Too frequently, gifted programs have expected the designated gifted specialist to carry out all of these roles. Clearly such an expectation invites failure.

Premises Underlying Instructional Design Process
Kemp, Morrison, and Ross (1998) also identified seven basic premises that are important to internalize in the process of engaging in the instructional design process. These premises, as they apply to gifted curriculum development, are:

  1. The instructional design process requires attention to both a systematic procedure and specificity for treating details within the plan.
    It is necessary to process the curriculum plan, while at the same time attending to a design that is authentic to the specific details of delivering a teaching-learning activity.
  2. The instructional design process usually starts at the course development level.
    Curriculum work is more coherent if it begins at the level of goal development and then branches off into specific areas of curriculum development.
  3. An instructional design plan is developed primarily for use by the instructor and planning team.
    Initial documents need to be “user friendly” for teachers. Study guides for students can follow at a later time.
  4. While planning, every effort should be made to provide for a level of satisfactory achievement for all learners.
    Even gifted learners have been shown to learn high-level material at different rates and levels of proficiency (Van Tassel-Baska, et al./ 2002). Thus, variation and flexibility in curriculum development must be exercised.
  5. The success of the instructional product is dependent on the accuracy of the information flowing into the instructional design process.
    Part of this refinement in the product can take place through having it critiqued by teachers early in the design phase. Another process is to “try out” sample lessons in classrooms, with designers present to record the “bugs” for revision work.
  6. The instructional design process focuses on the individual rather than the content.
    Characteristics of gifted learners in general tend to guide the development process of curriculum for them rather than a set notion of fixed content. Further tailoring of curriculum will need to occur for special needs students and the highly gifted.
  7. There is no single “best” way to design instruction.
    Individual teachers and educators are idiosyncratic in their approach to designing curriculum. While a common format is useful, different ways of achieving ends should be seen as a positive asset of the procedure.
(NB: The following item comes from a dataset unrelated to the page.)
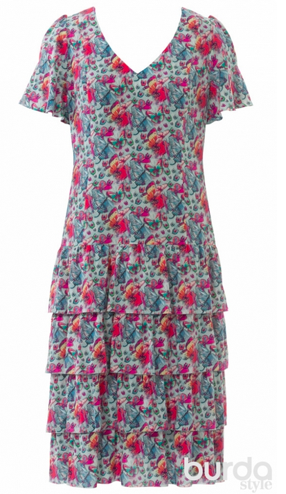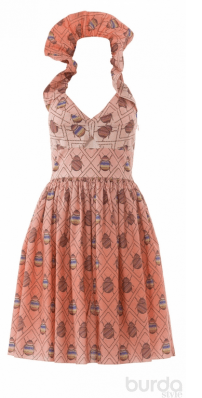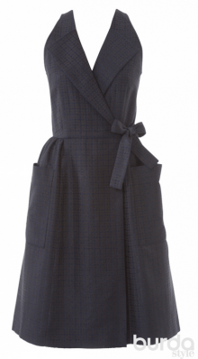I love this! Aside from the fact that it makes it rather awkward to wear normal undergarments, it looks like it would be a very interesting dress to sew and wear. I also love the inspiration for using an unusual print. Without a doubt the most interesting design in the magazine.

One of the most neglected areas in our schools is adequate attention to gifted programs and the curriculum designs employed to deliver those programs. In order for such programs to improve, curriculum design features, roles, and premises need to be carefully considered.


Kemp, J. E., Morrison, G. R., & Ross, S. M. (1998). Designing Effective Instruction. Upper Saddle River, NJ: Merrill.

Van Tassel-Baska, J. (2003). Curriculum Planning and Instructional Design for Gifted Learners. Denver: Love.

Van Tassel-Baska, J., Zuo, L, Avery, L. D., & Little, C. A. (2002). A Curriculum Study of Gifted Student Learning in the Language Arts. Gifted Child Quarterly, 46, 30-44.